Python Introduction#

  • Python is one of the most commonly used programming languages.

  • It was created by Dutch programmer Guido van Rossum in the late 1980s.

  • He named it Python inspired by the BBC show Monty Python’s Flying Circus.

  • Python has become the primary programming language for numerous data science applications.

Advantages#

  1. Beginner-friendly: Python’s syntax is simple and easy to read and write.

    • Example: Utilizing indentation (spaces) instead of parentheses results in clean code.

    • The following two code checks whether the integer 15 is an even or odd number.

    • Even if you do not understand what these two pieces of code are doing, you can see that Python has a simpler syntax.

    • Example: No need to declare a variable and its type before using it.

      • In Java, you need to specify that age is an integer, name is a character (similar to a string in Python), game_over is a boolean, and weight is a float.

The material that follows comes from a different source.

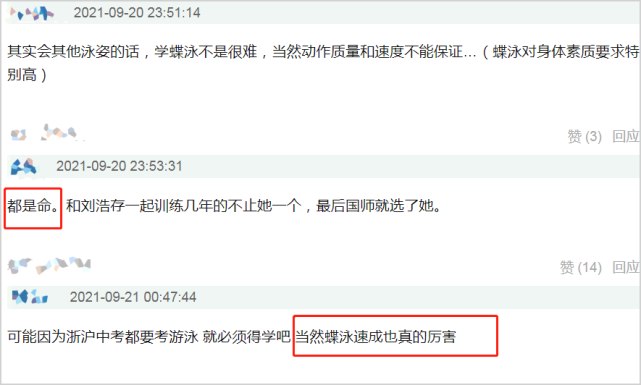 另外,评论区中有“体育生”爆料,称“作为一个游泳专项的体育生,6天学会蝶泳,而且只会蝶泳是不可能的事……”
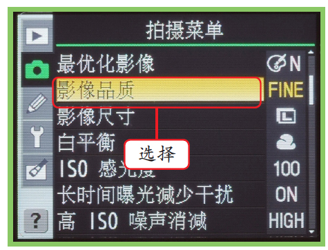开启数码相机后,在“拍摄菜单”中选择“影像品质”选项,按下 OK 按钮。

There is no such requirement in Python because Python can understand the type from the value.

Python

Java

age=25

int age =25;

name = ‘mike’

String name = “mike”;

game_over=True

boolean game_over=true;

weight=120.75

float weight=120.75f;


  1. Free and open source: Python is freely usable and distributable, including commercial purposes.

    • You can freely download and install it to your computer.

    • Online editors are also available for use without any installation.

    • Python packages are developed by major companies and shared for everyone’s use.

      • Tensorflow was developed by Google.

      • Pytorch was developed by Facebook.


  1. General-purpose programming language: You can write code for different purposes.

    • Write game code

    • Develop programs for stores

    • Perform visualizations

    • Build predictive models


  1. Rich Libraries: Python has rich collection of libraries encompassing of tools for various fields.

    • Numpy: for scientific computing

    • Statistics: offers statistics tools

    • Pandas: for data wrangling and analysis

    • Matplotlib: for visualization

    • Keras: for constructing neural network models

    • Django: for develop websites

    • Flask: for online applications

    • Scikit-learn: for predictive data analysis


  1. Object oriented: Build on the concept of objects.

  • Utilizes simple and reusable parts like blueprints

  • Short code may encompass many hidden functionalities


  1. Community Support: Python has a vast and active community that can provide assistance.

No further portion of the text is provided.